Being embattled suits Lord Sugar. Slim and sprightly, he guides me around the institution that sparked this controversy. Inside as well as out, it appears, his integration hasn't been seamless. They have this image of me as a brusque, ignorant cockney, but I have been underestimated many times in my career and I have always proved people wrong. Maybe it's the football badinage he exchanges with the reception staff, or the way he introduces me to fellow Labour peer, Lord Janner, when we sit down to lunch in the Peer's Dining Room, as his mistress, joking: "Everyone has to have one here, don't they?
It was in May this year, during one of the daily mile bike-rides he goes on when staying at his holiday home in Marbella, that Sugar got a call from the Prime Minister, with whom he has worked closely for the past decade on enterprise road shows and as a member of the Business Council. A ministerial appointment would have been impossible: with his 25 companies, Sir Alan, as he was then, had too many business and television interests to have the necessary impartiality.
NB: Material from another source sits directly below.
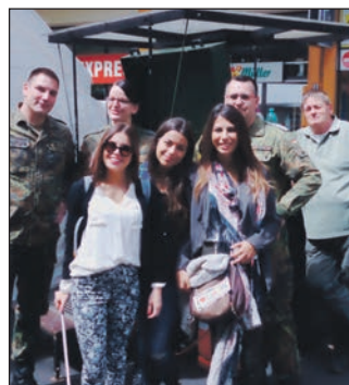
Drei hübsche israelische Soldatinnen mit unseren Kameraden.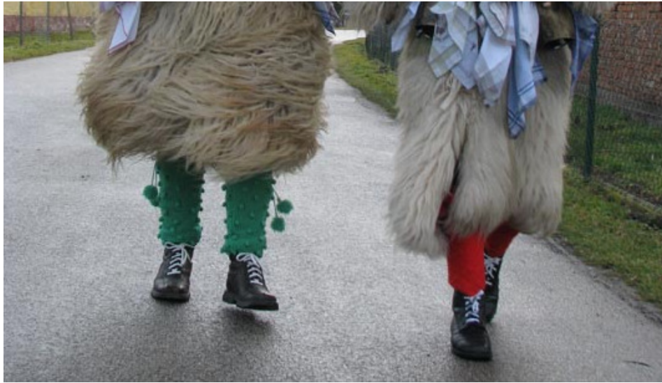
Slika 9: Kurentove gamaše, 2008 (osebna zbirka Dušana Ježa).

I thought of my mum and dad and growing up in that council house in Clapton⦠and I decided to call myself Lord Sugar of Clapton. We're there to make sure that the government does what it is supposed to do. Although the media concentrated on the "conflict of interest" issues they maintained could be problematic The Apprentice has been rescheduled to avoid clashing with the general election , a storm of a different kind was brewing within the Palace of Westminster.